Когда мама возвращалась, мы с ней подолгу рассматривали снимки. В них было что-то особенное. Мир на них был другим. Он находился рядом, он мне «махал и кричал», звал к себе, этот другой мир хотел и стремился мне открыться, а я его не замечал. Мама фотографировала мой школьный двор, но в ее интерпретации я его узнавал не сразу. Она снимала, как я катался на роликах, как ел мороженое, как заснул в кресле. На фотографии из обивки кресла очень смешно торчали нитки. У меня был вихор, и на снимке волосы торчали. Торчали точно так же, как нитки из обивки кресла. Вооружившись фотографией, я пошел исследовать кресло. Искал-искал, но не мог найти торчащие нитки. В комнате стало темнеть. Я включил стоявшую за креслом лампу и увидел! Волшебно торчащие нитки. Точно такие, как на фотокарточке. Погладил их. Кресло стало для меня живым. Родным. У нас совершенно одинаково торчали волосы-нитки.
Папа не смотрел с нами фотографии. Он будто боялся что-то увидеть на снимках, которые делала мама. Отец забирал их, уходил к себе в кабинет и там, в одиночестве, рассматривал. Выходил из кабинета успокоенным, говорил, что хорошие вышли фотки. А когда мама уходила колдовать над следующей пленкой, папа снова начинал нервничать. Делал вид, что читает книгу, а сам смотрел в одну точку и не перелистывал страницы. Ни разу он не перевернул страницу до того момента, пока мама не показывалась на пороге комнаты с пачкой глянцевых карточек.
Я опять начал скакать. Мыслями. А в три года я скакал в буквальном смысле. Везде. Даже в ресторане мы с мамой не сидели чинно за столиком. Сидеть за пустым столиком нам было скучно, и мы шли танцевать.
Почему-то помню, как мама попросила поставить принесенную с собой кассету кубинской музыки, и мы с мамой вдвоем танцевали сальсу. Люди, которые были в ресторане, смотрели на нас с удивлением. Это я сейчас понимаю, почему они перестали есть и уставились на нас. А тогда мы с мамой ничего не замечали, мы «гостили на Кубе», и нам было очень весело. Мама в джинсах и на высоких каблуках. Я старался соответствовать ей в танце. Мама смеялась, и я понимал, что у меня всё получается прекрасно. Я – король сальсы. Мужчины в галстуках нам хлопали. Папа тоже нам хлопал. Он уже сидел за нашим столиком. Мы вернулись к бульону и котлетам с видом триумфаторов.
Папа присоединялся к нам не каждый раз. Кажется. Хотя я не помню случая, чтобы мы с мамой творили латино в его отсутствие. Танцев без папы не было. Но и в танце папы не было. Он сопровождал нас с мамой только взглядом. С его взглядом мамино латино удавалось особенно хорошо. И я очень старался. И еще: мама никогда не танцевала сама с собой. Она никогда не забывала о моем присутствии. Я всегда чувствовал, что мама танцует со мной, точнее, со взглядом папы и со мной.
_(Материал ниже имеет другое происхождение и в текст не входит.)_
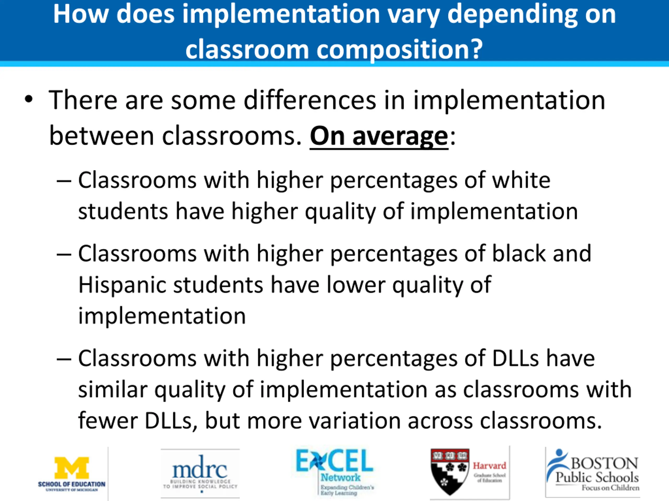 How does implementation vary depending on classroom composition? There are some differences in implementation between classrooms. On average: Classrooms with higher percentages of white students have higher quality of implementation Classrooms with higher percentages of black and Hispanic students have lower quality of implementation Classrooms with higher percentages of DLLs have similar quality of implementation as classrooms with fewer DLLs, but more variation across classrooms.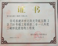 ? 2019年5月,洋世達陽光華庭五期2區T10號樓工程榮獲重慶市建筑工程質量協會頒發的“二O一八年度三峽杯優質結構工程獎”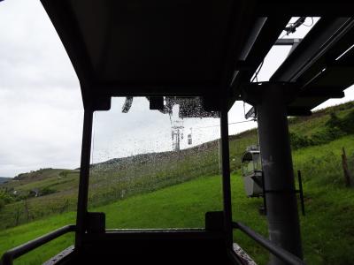 雨の日は座席に敷く小さなビニールシートが渡されますが、かろうじて濡れずに済む程度。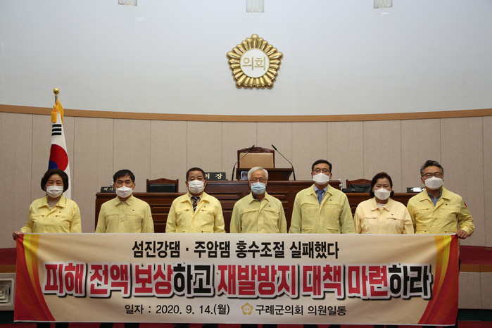 군의회는 성명서를 통해 “이번 집중 호우의 심각성을 인식하고 극심한 고통을 겪고 있는 구례군 주민들을 대표해 섬진강댐과 주암댐의 홍수조절 기능 실패에 따른 피해 대책 및 배상을 촉구한다”고 밝혔다.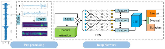 The proposed temporal convolutional network model, incorporating channel attention, primarily consists of three modules: (i) the PPG signal preprocessing module, involving frequency-domain analysis to generate spectrograms; (ii) the scale dimension attention compression module, which applies channel attention to weight each scale’s data, compress it, and provides enhanced attention features for subsequent emotion recognition modules; and (iii) the emotion recognition module, utilizing TCN and GRU to extract spatiotemporal features. The architecture of the network is illustrated in Figure 2.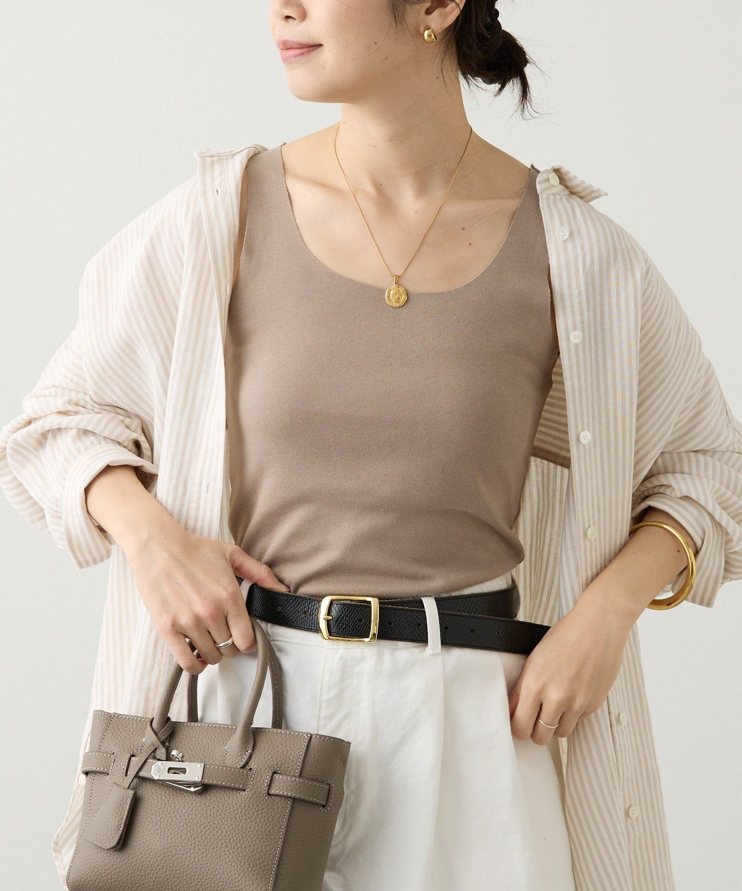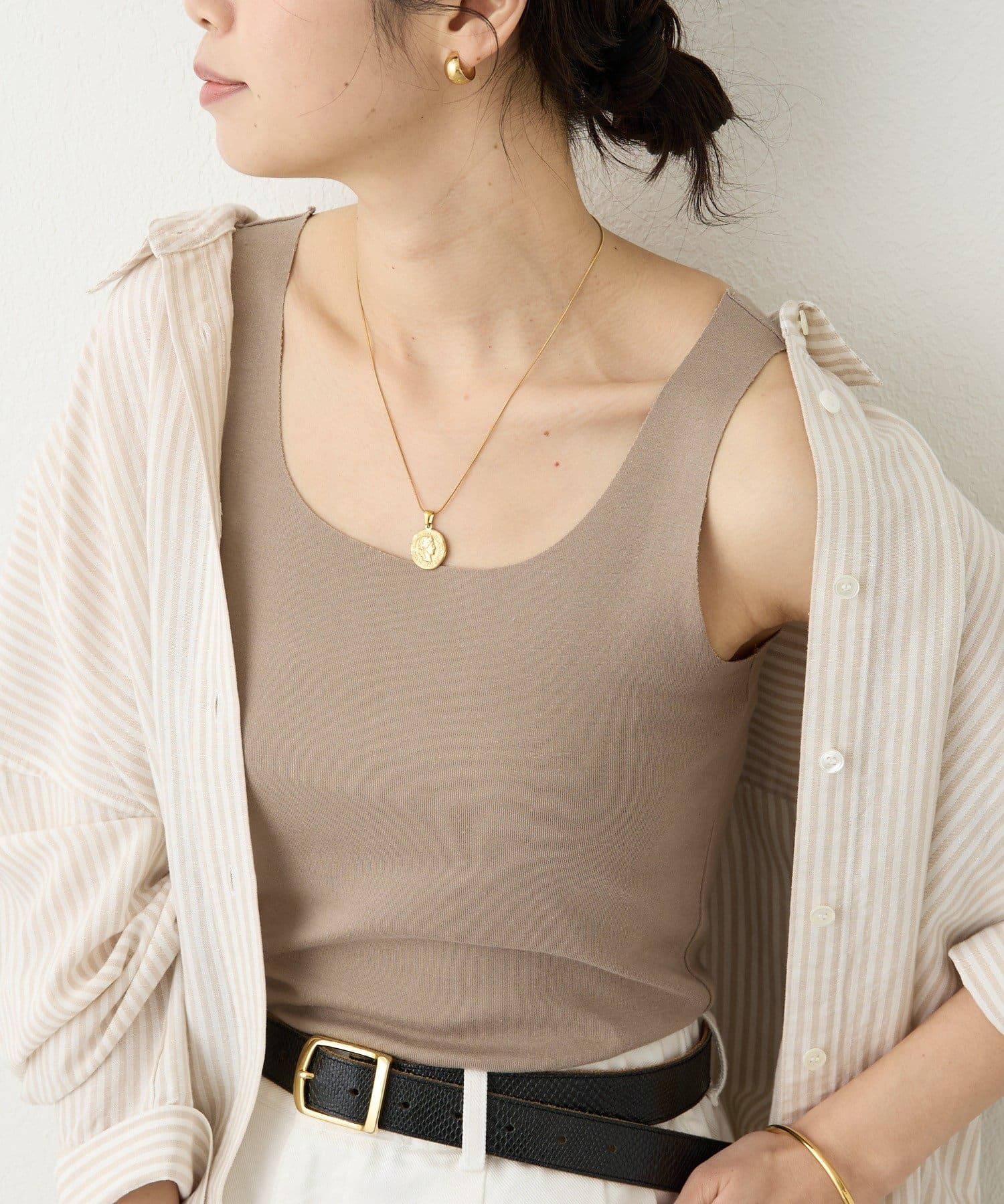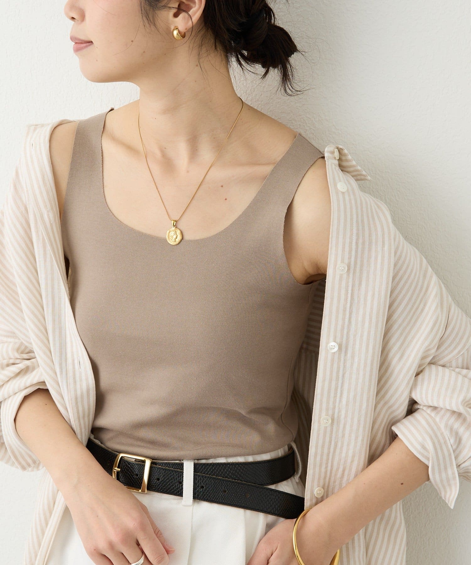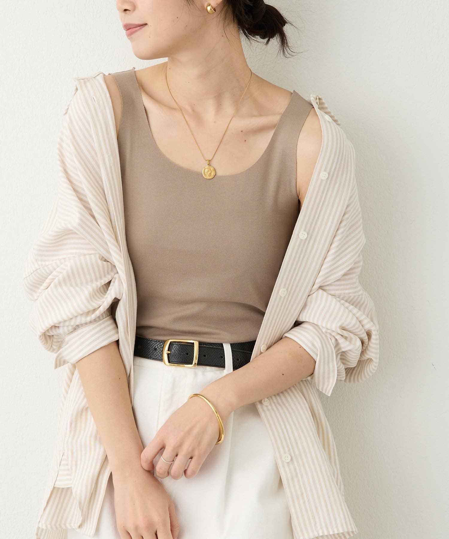 カットオフ仕様で身体に馴染み、薄手のブラウスもアタリを気にせずきれいに着用いただける優秀アイテム。 シアー素材とレイヤードしても品よくまとまる絶妙なくすみカラーも使い勝手が良く、用途に合わせて色違いで揃えておくのもオススメです。
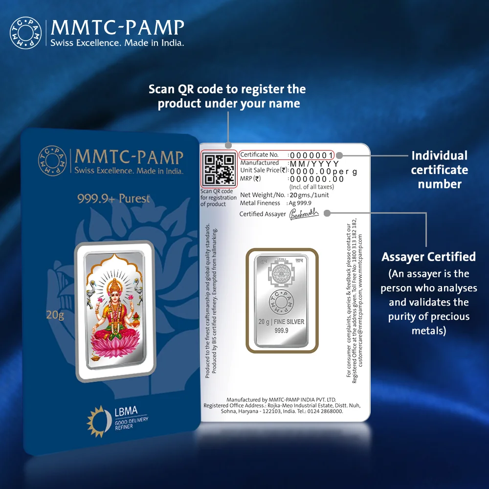 999.9+ Purest 20 gm Laxmi Colored Silver Bar – MMTC-PAMP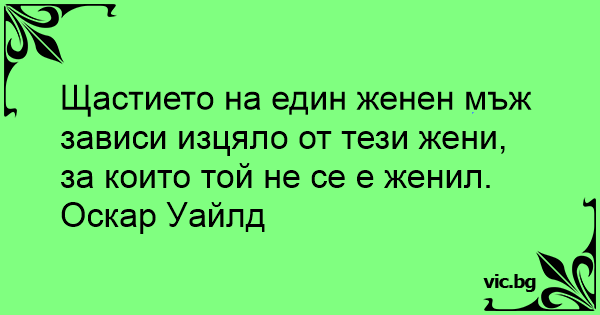 Щастието на един женен мъж зависи изцяло от тези жени, за които той не се е женил.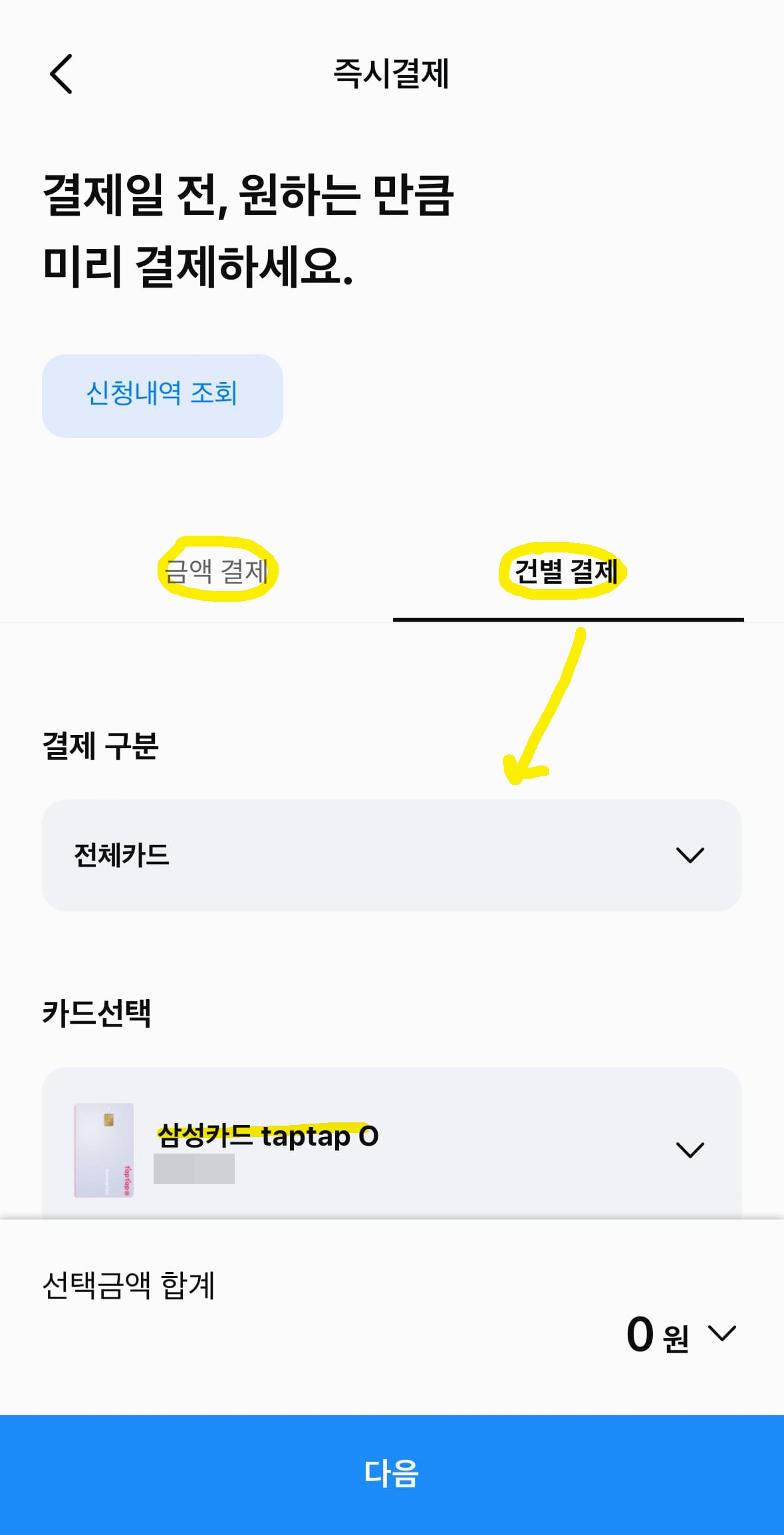 삼성카드 즉시결제는 금액결제 또는 건별결제가 가능한데요. 금액결제는 원하는 금액만큼 선결제 할 수 있고 건별 결제는 결제 건별로 선택해서 결제 할 수 있습니다. 이 글에서는 '건별 결제' 방법에 대해 보여드리겠습니다.
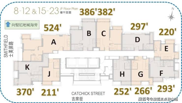 标准户共有165伙,分布于7至30楼,实用面积为211至1,012尺,户户配置22尺露台,逾半数单位另设有16或17尺工作平台。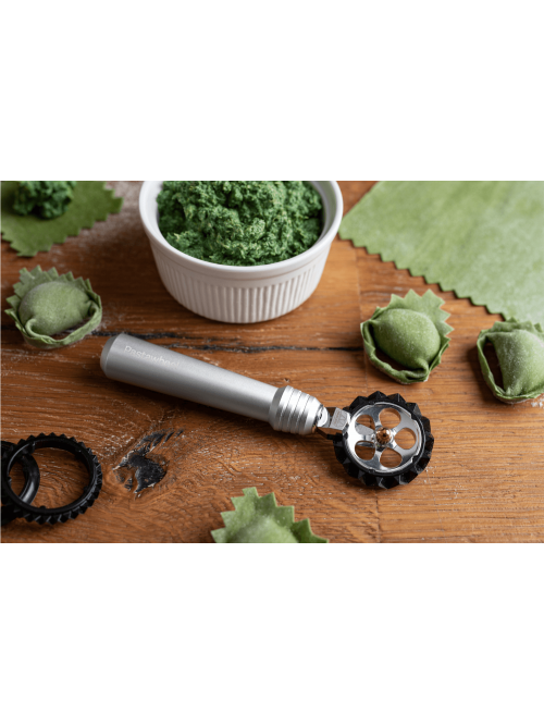 La roulette Pastawheel de MARCATO permet de couper rapidement la pâte dans tous les formats que vous suggère votre imagination. Elle est livrée avec 3 roulettes interchangeables facilement d'un seul geste pour découper en 3 différentes formes selon vos besoins: coupe droite, zigzag étroit, et zizgag large. La roulette est adaptée à n'importe quelle pâte, elle est efficace aussi bien avec des pâtes salée qu’avec des pâtes sucrées. Vous pouvez varier l’épaisseur de la feuille et couper avec précision. La structure centrale des roulettes et l’axe de support sont en acier chromé, afin de permettre une coupe stable et de garantir un usage de longue durée.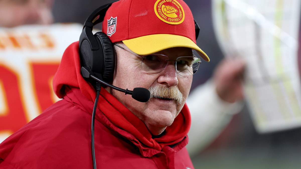 Getty El coordinador ofensivo de los Kansas City Chiefs, Eric Bieniemy, habla con el entrenador en jefe Andy Reid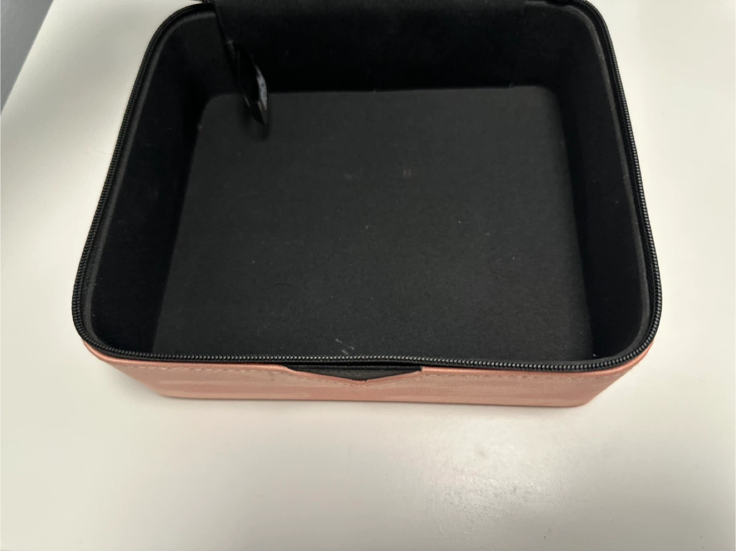 This is a Prada Beauty cosmetic case. It's black and pink with a zippered closure. Interior is lined and black.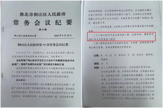 偏偏相山區(qū)一點(diǎn)也不急,嘴上喊著已經(jīng)在走流程了,其實(shí)是2020年9月才研究部署食品工業(yè)園污水處理廠建設(shè)工作,并且相關(guān)工作僅停留在文件上,直至本次督察進(jìn)駐前夕,相山區(qū)才再次啟動污水處理廠的建設(shè)工作,目前尚處于項(xiàng)目土地報(bào)批階段。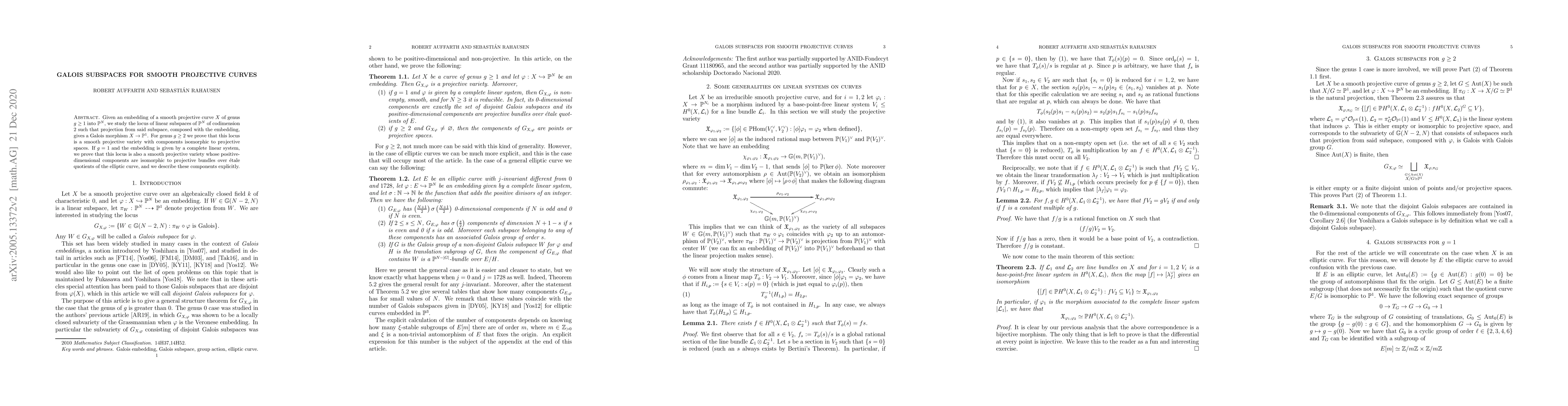 The paper studies the locus of linear subspaces in projective space that give a Galois morphism when projected from them, focusing on smooth projective curves with genus g>=1.

Тогда я не задавался вопросом, почему мы в латино, а папа не с нами. Никогда. Вернее, очень редко. Он участвовал только в медленных танцах. Даже не так. Точная формулировка: отец танцевал только на годовщине их с мамой свадьбы. Один раз в году. В другие дни, когда начиналась музыка, мама никогда не тащила его с собой и никогда не приглашала никого, кроме меня. Я помню, что мы с мамой «давали латино» часто. Сальсу, танго, ча-ча-ча. Мама танцевала так, будто ничего, кроме музыки, в мире нет. И еще будто бы знала какой-то секрет. В эти моменты у нее было абсолютно счастливое лицо. Это всё я понимаю сейчас. Но даже сейчас я не понимаю природы этого счастья. И еще теперь я понимаю, как на нас смотрели чужие люди, те невольные зрители, что оказывались днем в полупустом ресторане. Они смотрели с завистью. Я и сам сегодняшний смотрю с завистью на те наши с мамой танцы. И, как и они тогда, чего-то не догоняю. Неужели в детстве я знал что-то важное, что сейчас забыл?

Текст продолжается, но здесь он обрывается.